Arthur came over to my side of the fire and sat down beside me. He put his arm around my shoulder, like a father talking to a son of whom he was most proud.
“Magnus, it’s been a long day. I want to go to sleep now. But I wanted to say how much I appreciate what you did for me today back there at the stream. I didn’t know all that stuff was eating me from the inside out. I always felt guilty I couldn’t do more to stop the decapitations after those Duart men were killed. It was vengeance by my people, pure and simple. I didn’t do enough to stop it. It’s out now. I want to thank you for that.

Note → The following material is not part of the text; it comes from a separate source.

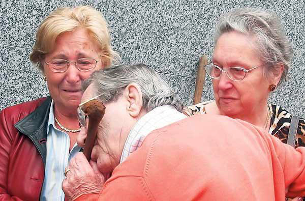 La menor de los hermanos, Carmen se inclinó sobre la sepultura, pidió uno de los huesos y lo besó. El gesto fue imitado de inmediato por sus dos hermanos, incapaces de contener las lágrimas por el reencuentro después de 71 años de incertidumbre, ya que sólo sabían el lugar aproximado en el que reposaba. El silencio, en este momento, era literalmente sepulcral. Nadie allí presente fue capaz de romper la íntima escena.

But I think what the tiabhsear was getting at was true; I noticed it the other day. I know you want to help people; I think you can be very good at that. But how can the world know who you are if you don’t know who you are? I think that’s what he wants you to think about between now and tomorrow night.
Good night, Magnus. And thank you. For all you’ve done; and all that’s left to be done.”
“Good night, Arthur. You should move into the tent. I’ll be along in a bit. I’m going to stay up with the fire a while.”
“As you wish, Magnus. Good night.”
Arthur moved into the tent and zipped the flap closed.
I sat there for fifteen minutes. Clear twilight morphed into nautical twilight. Drawn into the flickering flames, I was captivated, seduced by their light dance, intoxicated by the smoky aroma floating off the burning bricks of dried peat.
Perhaps the taibhsear was right. Did I know who I was? If I was truly to become Merlin, as expected, how was I supposed to feel about my first name, Magnus, given to me by my parents? And of my surname, Cook? Should I feel comfortable surrendering it in service to a noble cause? Could I hold on to at least some of my Cook identity and become a modern hybrid, one foot in Merlin’s world, one foot in mine?
I wouldn’t come up with any of these answers tonight. But Arthur was right; it had been a long day and I was more tired than I imagined. So as I sat there before the fire, watching the smoldering embers burn themselves out, I fell asleep, facing the flames. Though I didn’t know it at the time, this would turn into the longest night of my life. Literally.
Oh, Coll; why? What is it? Why do you continue to surprise those who love you?